Abstract

Introduction: Multifocal tuberculosis (MT) is an uncommon presentation in immunocompetent patients. It’s associated more with an immune-depression like Human Immunodeficiency Virus infection. We report a case of MT with presternal cold abscess, mediastina and cervical adenopathy, bone, and vertebral location that occurred in an apparently immunocompetent patient. Case presentation: A 19-year old woman with no previous history of tuberculosis (TB) exposure was admitted for chronic chest pain lasting for 13 months. She presented with a history of fever, night sweat and weight loss (09 kg). The first clinical examination noticed a voluminous presternal abscess.

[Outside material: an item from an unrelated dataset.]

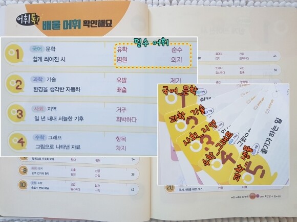 사회용어 과학용어 수학용어 교과를 배울때 조금씩 건드려주고 있지만 요즘은 문제들을 살펴보면 어휘실력이 문제 풀이의 키를 쥐고 있다는 생각이 들더라구요.

The chest X-Ray showed an enlargement of the middle mediastinum associated to pleural effusion opacity, but any active pulmonary lesions. A computed chest tomography revealed the presence of a parietal mass centered on the sternum, with extension in the soft parts, bone lies of the sternal manubrium, lies of the vertebral hemi-bodies of T10 and T11, cervical lymph nodes, phrenic mediastina and sub-pectoral nodes with peritoneal and mesenteric involvement. Magnetic resonance imaging of the spine showed tiered thoracic lumbar and sacral spondylitis with paravertebral and anterior epidural collections responsible for spinal cord compression next D10 without signs of spinal cord pain. The draining of the cold abscess revealed some whitish pus, in which acid-alcohol resistant bacilli were identified. There was no history of diabetes, renal failure, or long-term treatment with corticosteroids or immunosuppressant’s: HIV serology and viral hepatitis were negative. The blood glucose was normal. The patient was treated with anti-tuberculosis regimen based on: Ethambutol, Rifampicin, Isoniazid, and Pyrazinamide for two months, and then rifampicin and isoniazid for seven months. The outcome was good with the disappearance of the abscess and all the radiological signs. Conclusion: Multifocal TB such as the case reported are uncommon and confined mostly to immunocompromised patients especially those with HIV infection. Because of the clinical polymorphic features of multifocal TB, the diagnosis is usually difficult to make, resulting into delay before beginning of the adequate treatment.